Prompt size: 2,546 → 3,783 lines (+48.6%).
v3.9.5
2026-05-15
Prose edge-case hardening
Five new prose-discipline sections — §26.1 sub-40 framing, §31.5 EV/PHEV patterns, negotiation context view, §14.5.1 finding-ranking priority tiers, and audit-pass lens sync for §16.5 healthy-vehicle suppression. Closes audit findings from the 2026-05-15 review wave.
v3.9.4
2026-05-11
Anti-punt + deep-reasoning override
Cal West Auto’s first real customer Verdict (Dan Drew) is a deliberately tricky case; defaulting to “get a second opinion” on hard inputs kills the product. New §0.27 establishes a master rule: WE ARE the second opinion. The engine must do the deep mechanical work — symptom translation, system isolation, failure-mode hypothesis ranking — and produce a primary diagnostic theory with explicit confidence BEFORE recommending any external referral.
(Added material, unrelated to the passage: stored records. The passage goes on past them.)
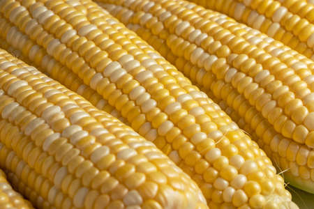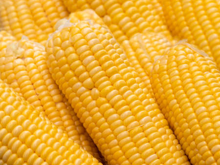 Sweet corn ears background. Close-up photo.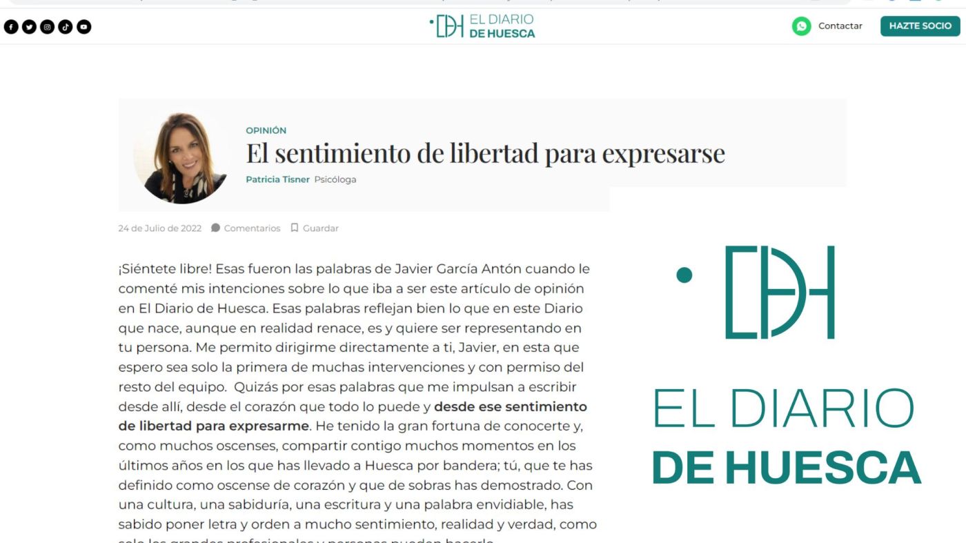 En http://www.eldiariodehuesca.com https://www.eldiariodehuesca.com/opinion/sientete-libre_201_102.html ¡Siéntete libre! Esas fueron las palabras de Javier García Antón cuando le comenté mis intenciones sobre lo que iba a ser este artículo de opinión en El Diario de Huesca. Esas palabras reflejan bien lo que en... Seguir leyendo →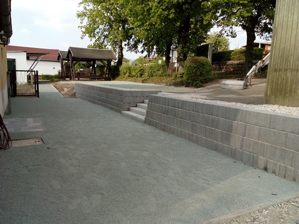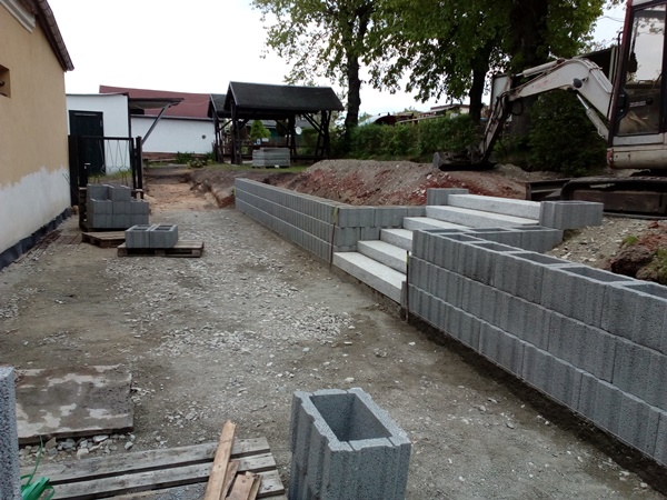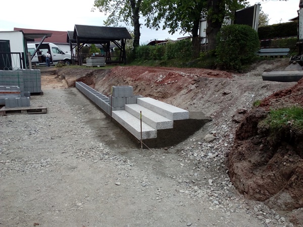 Nach dem die Treppe gesetzt war hatte man schon eine Vorstellung wie alles mal aussehen könnte. Pflanzsteine für die Mauer wurden aufgestellt und verbunden.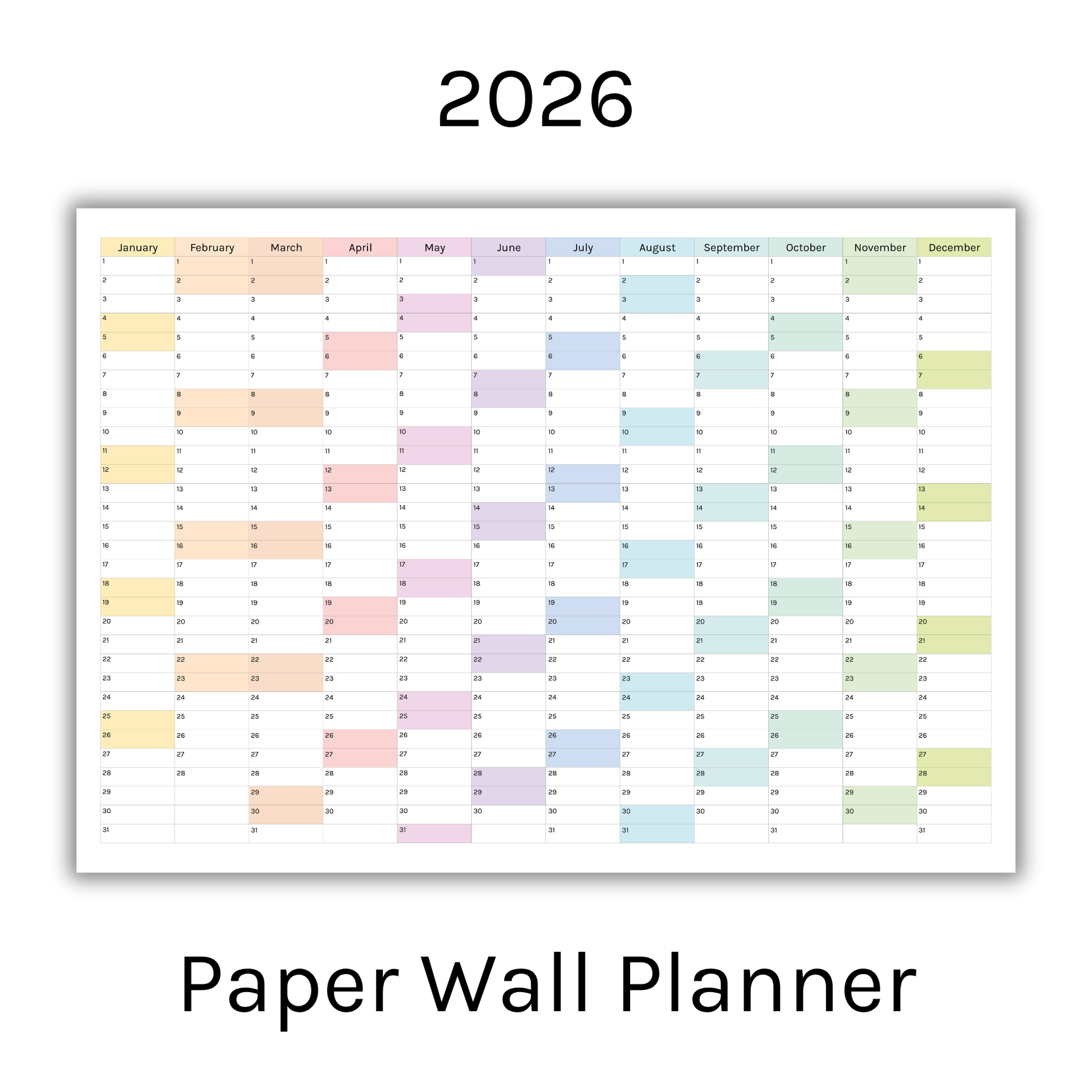 Vertical 2026 Paper Wall Planner | Julie's Rainbow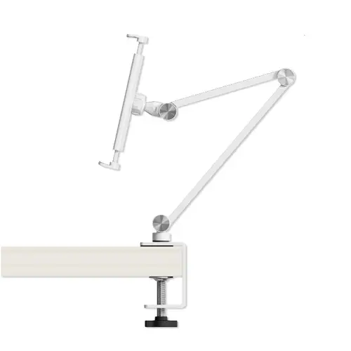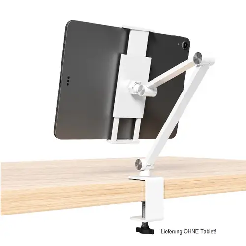 Hauptmerkmale • Stilvoll: Schickes Design aus hochwertigem Aluminium mit mattem Finish machen den ErgoFix zum Hingucker auf deinem Schreibtisch, in deiner Küche und überall sonst. • Praktisch: Klemme dein Gerät einfach zwischen die beiden Haltebacken oder nimm es wieder heraus. • Vielseitig: Der stabile Halterarm ist auf Wunsch verstellbar, neigbar, schwenkbar und 360° drehbar für eine optimale Positionierung. So kannst du Filme bequem im Querformat schauen oder Texte in der Hochformat-Position lesen. • Universal: Passend für nahezu alle gängigen Smartphones und Tablet-PCs von 4,7 - 15,6". • Variabel: Stufenlos verstellbare Krallen für die individuelle Anpassung und sichere Fixierung deines Gerätes. • Platzsparend: Wenn du ihn nicht verwendest, kannst du ihn in Windeseile abschrauben, zusammenklappen und platzsparend verstauen.Spezifikationen • Produktgröße: 400x170x170 mm • Für Geräte von 4,7" bis 15,6" • Drehbar 360° • Schwenkbar 180° • Neigbar 120° • Klemmengröße vom 125 mm bis 255 mmLieferumfang 1x Tisch-Halterung ErgoFix H9 weiß für Smartphones und Tablets 1x Sechskant-Schlüssel 1x Montageanleitung

Second-opinion suggestions are now an exception (catastrophic safety items + truly unresolvable contradictions), not a default.
v3.9.3
2026-05-11
Shop-relationship hardening
New §15.12 codifies “never contest a shop’s opinion directly; defer or suggest a second opinion at most.” The tool is increasingly used inside shops where the owner hands the customer a quote and then runs a Verdict against it; the prose must never frame the engine as adversarial to the shop that just spoke. Score math unchanged — only HOW divergent findings are framed in customer-facing prose.
v3.9
2026-05-09
Five new prose-discipline sections
§15.7 modification disclosure prose handling, §15.8 flood / water-damage suspect handling, §15.9 race / track use disclosure, §15.10 coverage hunt standardized format, §15.11 score-anomaly detection & graceful refusal. Hardened over the v3.8.7 → v3.8.10 engine-side iterations.
v3.8.3
2026-05-08
Two follow-up calibrations after v3.8.2 round-3
Tightened Tier 7 single-major-documented floor (58 documented / 60 sparse). Added !hasCritical guard to Tier 5 floors so Critical-presence cases don’t ride upward through Healthy gates.
v3.8.2
2026-05-08
Output discipline hardening
Round-3 audit findings closed against the Cal West reference set. §0 OUTPUT DISCIPLINE strengthened. Customer-facing band vocabulary aligned with §11 — “Strong / Healthy / Sound / Watching / Needs Attention / Repair Window / Major Concerns” (7-band system replacing the legacy 6-band “Strong / Solid / Moderate / Mixed / Cautious / Limited”).